China’s aggressive propaganda operations have been trumpeting the defeat of the U.S.-backed Afghan government in Kabul as proof of their narrative that the United States is a superpower in decline.

Kerry Gershaneck, a visiting scholar in Taiwan and Southeast Asia, said China’s regime is reaping clear political benefits from the U.S. and NATO rout in Afghanistan.

“As part of its psychological warfare and media warfare against Taiwan, Beijing will work with news media it has co-opted there as well as with pro-PRC politicians and academics to corrode any faith Taiwan has in America’s ability to defend Taiwan if Xi Jinping follows through on his threats to invade that country,” Mr. Gershaneck said.

Analysts say China secured tacit Taliban support years ago with covert arms and equipment. In exchange, Beijing demanded assurances that the Taliban would not back Islamic terrorists in Xinjiang.

But Chinese support of the Taliban could backfire because of the government’s harsh treatment of all religions, especially Islam, as ideological competitors to the ruling CCP.

Beijing’s support of the Taliban, whose leaders are radical Islamists, is unlikely to prevent the regime from returning to the hard-line rule of the late 1990s.

Miles Yu, a State Department policy planning specialist for China during the Trump administration, said China achieved a strategic goal with the removal of American troops but now faces a “double-edged sword” with a potentially hostile Islamic state on its western border.

Beijing is aligning itself with one of the most notorious rogue regimes in the world,” Mr. Yu said. “There will be reputational costs for China to be associated with the Taliban.”

The Taliban rule from 1996 to 2001 was marked by mass repression, public beheadings, and the destruction of historical and religious monuments. U.S. troops ousted the regime in October 2001 after al Qaeda conducted the Sept. 11 terrorist attacks from a sanctuary inside Afghanistan.

China’s Communist Party leadership has shown no qualms about working with terrorist states. It has long provided backing for North Korea and Iran, which are considered the world’s leading rogue states and key U.S. enemies.

Dividing the allies

Mr. Gershaneck, a retired Marine Corps officer and former Pentagon strategic planner, said he also expects China to exploit the Afghanistan turmoil to further divide the United States from its allies and other nations that Washington has cultivated to counter China’s expansionist agenda.

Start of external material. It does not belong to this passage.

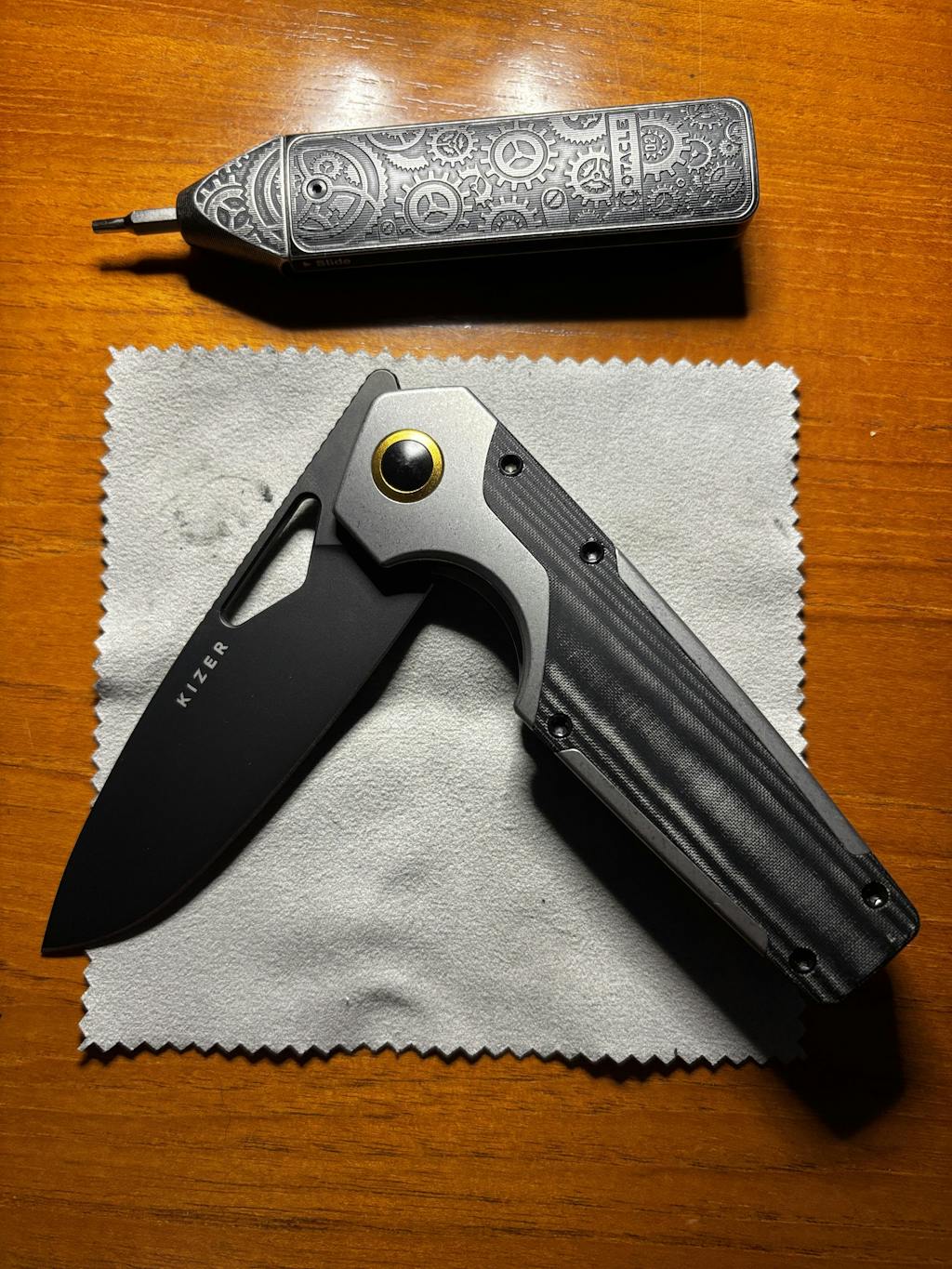 - Titanium frame with micarta inlays – lightweight, premium, and durable

“The Politburo has taken note,” he said. “China will adapt its gray zone operations and its war planning accordingly and accelerate its timetables for key geopolitical milestones it aims to achieve by the PRC centennial in 2049.” Gray zone warfare uses nonmilitary means.

The defeat in Afghanistan also is likely to undermine growing U.S. military efforts to retool its mission for the threat posed by China after decades of focus on counterinsurgency and counterterrorism after the 9/11 attacks.

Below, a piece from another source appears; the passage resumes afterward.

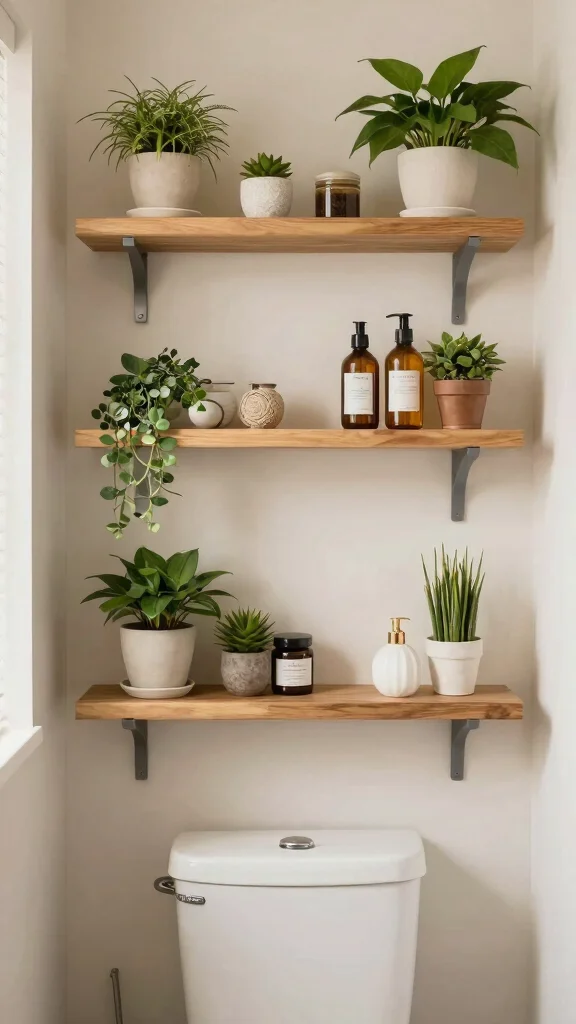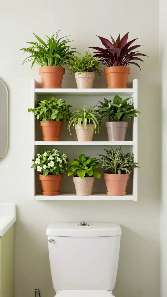 A vertical planter shelf not only maximizes space but also brings life into your bathroom, creating a more inviting atmosphere.

“That focus will now be diffused by a clearly foreseeable resurgent terrorist threat against the American homeland and our interests worldwide,” Mr. Gershaneck said.

China’s government is likely to present itself to the Biden administration as a key intermediary in dealing with the Taliban and other Afghanistan-based terrorist groups in ways similar to the questionable cooperation Beijing has offered in confronting the threat from North Korea.

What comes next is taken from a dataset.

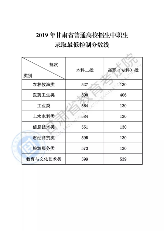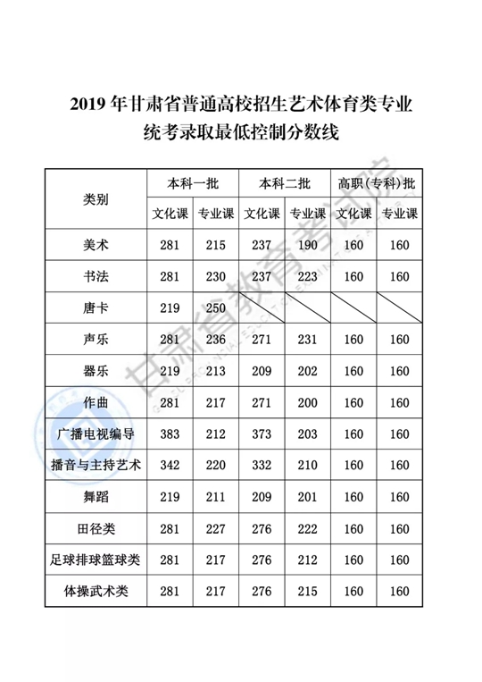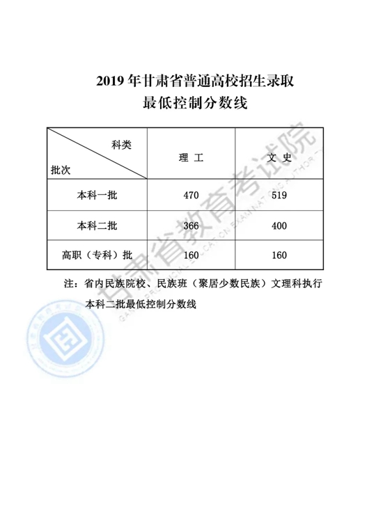 | 甘肅省2019年普通高校招生錄取最低控制分?jǐn)?shù)線 |

The United States has spent more than $2.6 trillion in Afghanistan since 2001, according to the Costs of War project at Brown University, including arming and training the 300,000-member Afghan National Army, which collapsed after several days of fighting a nationwide Taliban offensive.

Now, much of the U.S. arms and machinery are under the control of the Taliban, making the Islamist militia perhaps the best-equipped terrorist group in the world. Reports from Afghanistan showed Taliban fighters taking control of stockpiles of U.S. military weapons and equipment, including Black Hawk helicopters and Scan Eagle drones.

A senior national security official in the Trump administration said President Trump told aides during several Oval Office meetings that the U.S. military withdrawal from Afghanistan must avoid two things: a loss of American arms and equipment to the Taliban and a “Saigon-style exit.”

“Now both of those things are happening,” the former official said.